The first, dated December 2, 2023, retroactively “appointed” a new trustee, Dorothy Ogren, and then purported to “ratify all corporate activities entered into… over the past year.” Sanchez is listed as “Present/did not sign.”
The second, dated March 9, 2025, claims to have changed the church’s name and to have “ratified” every prior action, again with Sanchez shown as “Present/did not sign.”
In reality, no such meetings took place, and the supposed resolutions were drafted by those seeking to remove Sanchez after the fact. To call these documents “backdated” is generous—they are post-fabricated.
What the Law Actually Says
For anyone unfamiliar with legal ethics, here is the unambiguous rule:
- ABA Model Rule 8.4(c):
“It is professional misconduct for a lawyer to engage in conduct involving dishonesty, fraud, deceit, or misrepresentation.” - Professor Stephen Gillers, NYU: “A lawyer who knowingly creates or endorses a document that misstates the date of its execution commits fraud. The date on a document is a statement of fact. Backdating is permissible only to memorialize an act that truly occurred earlier and is clearly disclosed as such.”
- Professor Geoffrey Hazard, Yale: “Backdating is inherently deceptive unless the document or its transmittal discloses the true chronology. Otherwise, it is tantamount to falsifying evidence.”
- Restatement (Third) of the Law Governing Lawyers § 98, comment f:
“A lawyer may not participate in creating or using a document that is false as to the date or circumstances of its execution.”
In plain English: if the date isn’t true, the document is false.
Courts From Everywhere Else Agree
Federal and state precedents leave no wiggle room.
- United States v. Strohm, 671 F.3d 1173 (10th Cir. 2011):
Backdating corporate minutes to invent earlier approvals was “a deliberate falsification of records.” - SEC v. Dain Rauscher, Inc., 254 F.3d 852 (9th Cir. 2001):
False timing statements in compliance records constituted securities fraud. - United States v. Rowe, 144 F. Supp. 3d 355 (E.D.N.Y. 2015): “Backdating is legitimate only if it memorializes a past event and explicitly states the actual execution date. Otherwise, it is falsification.”

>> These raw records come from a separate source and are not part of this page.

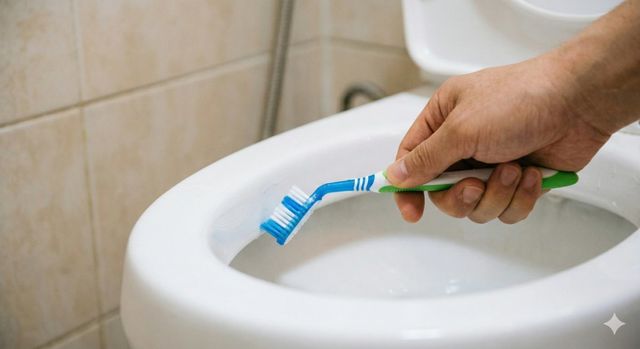 칫솔로 변기 청소하는 모습 (AI로 제작됨)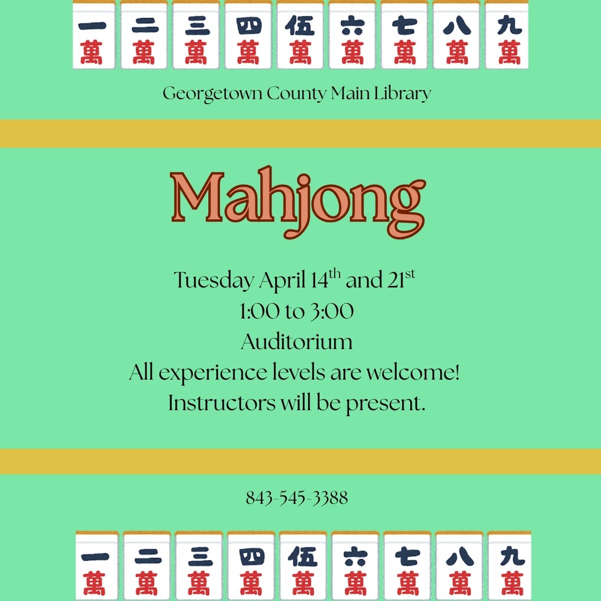 Mahjong Classes at the Georgetown Library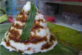 Awug termasuk makanan khas Bandung dengan rasa kue putu dan tampilan nasi tumpeng.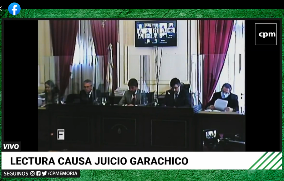 La audiencia se llevó a cabo por medios que combinaron la presencialidad y la utilización de medios remotos. Los jueces estuvieron presentes en la sala de audiencias de los Tribunales Federales de La Plata, ubicada en el primer piso del edificio situado en 8 y 50. Allí también estaban algunas abogadas y algunos abogados de la querella, parte de la fiscalía y la defensa oficial de Etchecolatz. En tanto, otro y otras integrantes de las partes acusadoras, la defensa de Garachico y los dos acusados participaron por Zoom. Etchecolatz lo hizo desde el Complejo Penitenciario Federal de Ezeiza, y Garachico, desde su domicilio en Mar del Plata.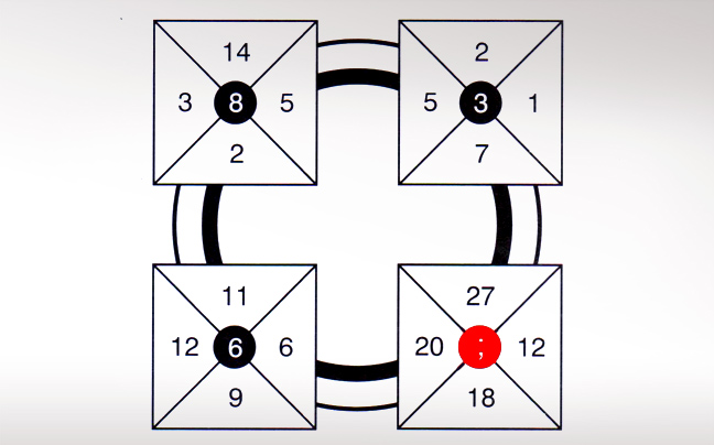 Είναι ο 17. Προσθέτουμε τα νούμερα που βρίσκονται στην αντίστοιχη θέση στα υπόλοιπα τρία κουτιά.

- United States v. Simon, 425 F.2d 796 (2d Cir. 1969):
False dating of documents is “false testimony on the face of a page.”
Even Judge Richard Posner, rarely prone to melodrama, noted in U.S. v. Dial (7th Cir. 1985) that
“A backdated document asserts a falsehood about when an act occurred. Such fabrication, if relied upon, can distort the administration of justice.”

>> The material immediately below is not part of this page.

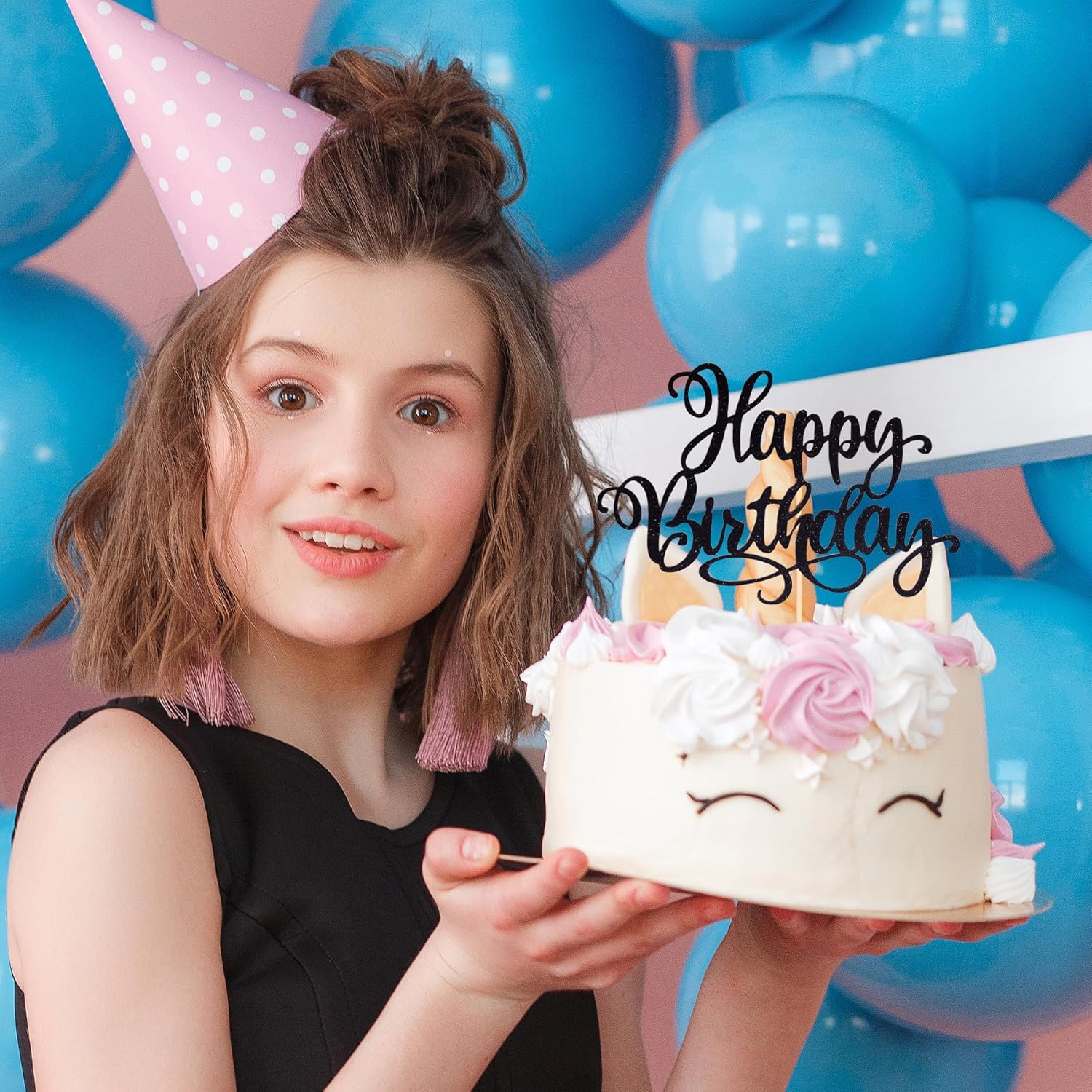 Happy Birthday Cake Toppers 9 Inch Glitter Happy Birthday Cake Pick for Birthday Anniversary Theme Party Cake Decorations Supplies - Black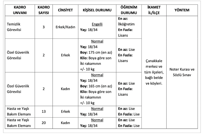 Çanakkale Onsekiz Mart Üniversitesi’nce yayımlanan duyuruda kuruma 40 personel alımı yapılacağı, başvuru yapacak adaylarda engelli temizlik görevlisi alımı için en az ilkokul mezuniyeti aranırken, özel güvenlik görevlilerinde en az lise, hasta ve yaşlı bakım elemanı alımında da en az lise şartı aranıyor.

Yet in Idaho’s courtroom that day, these same principles were waved away like an annoying fly.
How We Got Here
When Judge Thomas Whitney permitted DeFord’s assertion to stand unchallenged and later treated those unsigned, retroactive resolutions as legitimate exhibits, it signaled a deeper problem: a judiciary desensitized to falsity.
Backdating is not a harmless clerical error. It rewrites the timeline on which property, contracts, and corporate authority depend. A resolution allegedly “passed” by a board that did not meet—and unsigned by its president—is no resolution at all. It’s a forgery with a letterhead.

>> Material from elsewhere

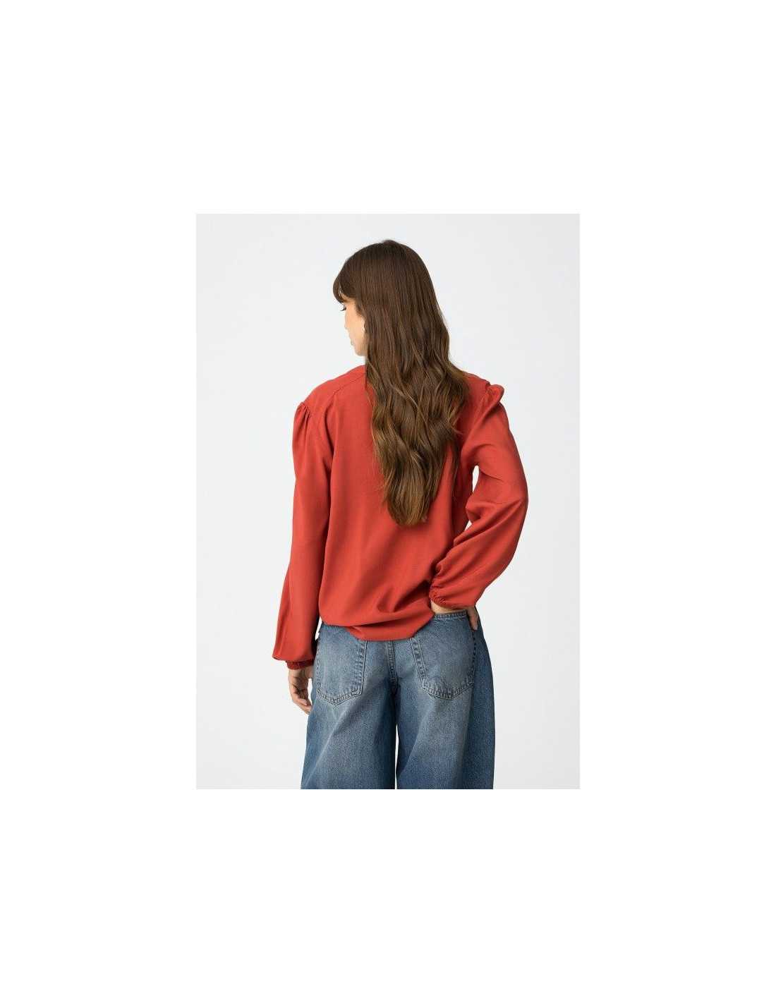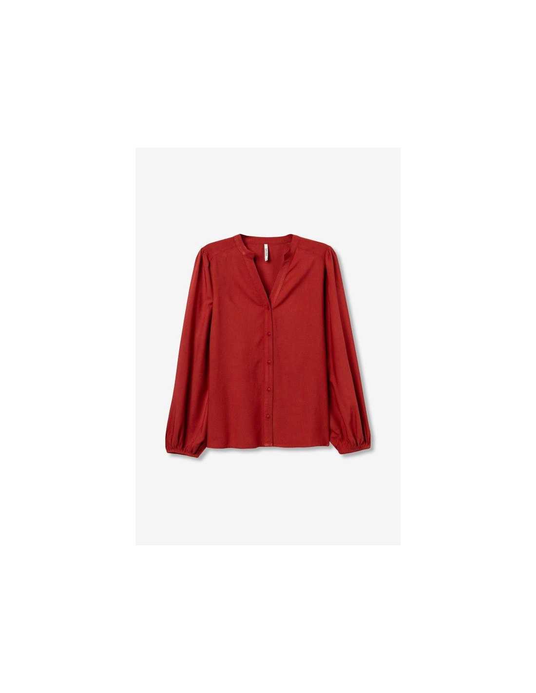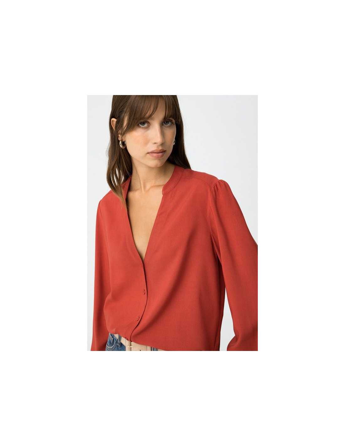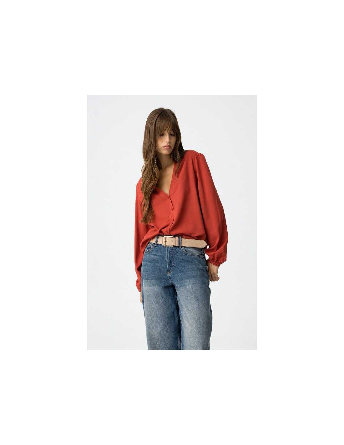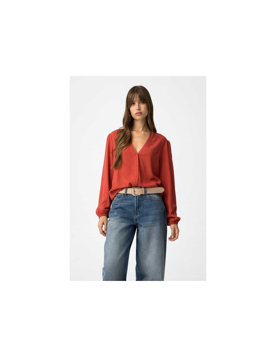 Camisa regular fit con cierre frontal de botones. Escote en V y manga larga con elástico en los puños.

To accept it as proof of past events is to endorse revisionist accounting of reality. When a court allows that, it ceases to function as a finder of fact and becomes a notary of fiction.
Why This Matters Beyond One Case
The danger of this precedent stretches beyond one congregation or one litigant. If backdated documents can be waved into evidence as genuine:
- A city council could “ratify” a budget it never passed.
- A corporation could “approve” stock options retroactively to capture a market dip.
- A board could “fire” its president months after he was unlawfully removed—and claim it happened first.
Contracts, titles, and elections all depend on the simple integrity of dates. When courts abandon that anchor, the entire legal system drifts into make-believe.
The National Standard vs. The Idaho Exception
Every jurisdiction that has considered backdating has treated it as potential fraud. Idaho now appears to be the outlier—the one state where the calendar itself is negotiable.
DeFord’s claim that “there’s absolutely nothing improper about backdating a resolution” would draw laughter in a first-year law seminar. In Idaho’s courts, it earned him judicial indulgence. The rest of the country treats false documentation as evidence tampering; Idaho treats it as “creative record-keeping.”
Ethical Fallout
Even if one assumes DeFord sincerely meant “memorializing a prior act,” the documents themselves refute that excuse. They do not disclose later creation. They state definitively that meetings occurred on December 2, 2023, and March 9, 2025—events that never happened—and list a president “present/did not sign.” That final notation is a confession: the individual whose signature would have validated the act refused to sign because the act did not exist.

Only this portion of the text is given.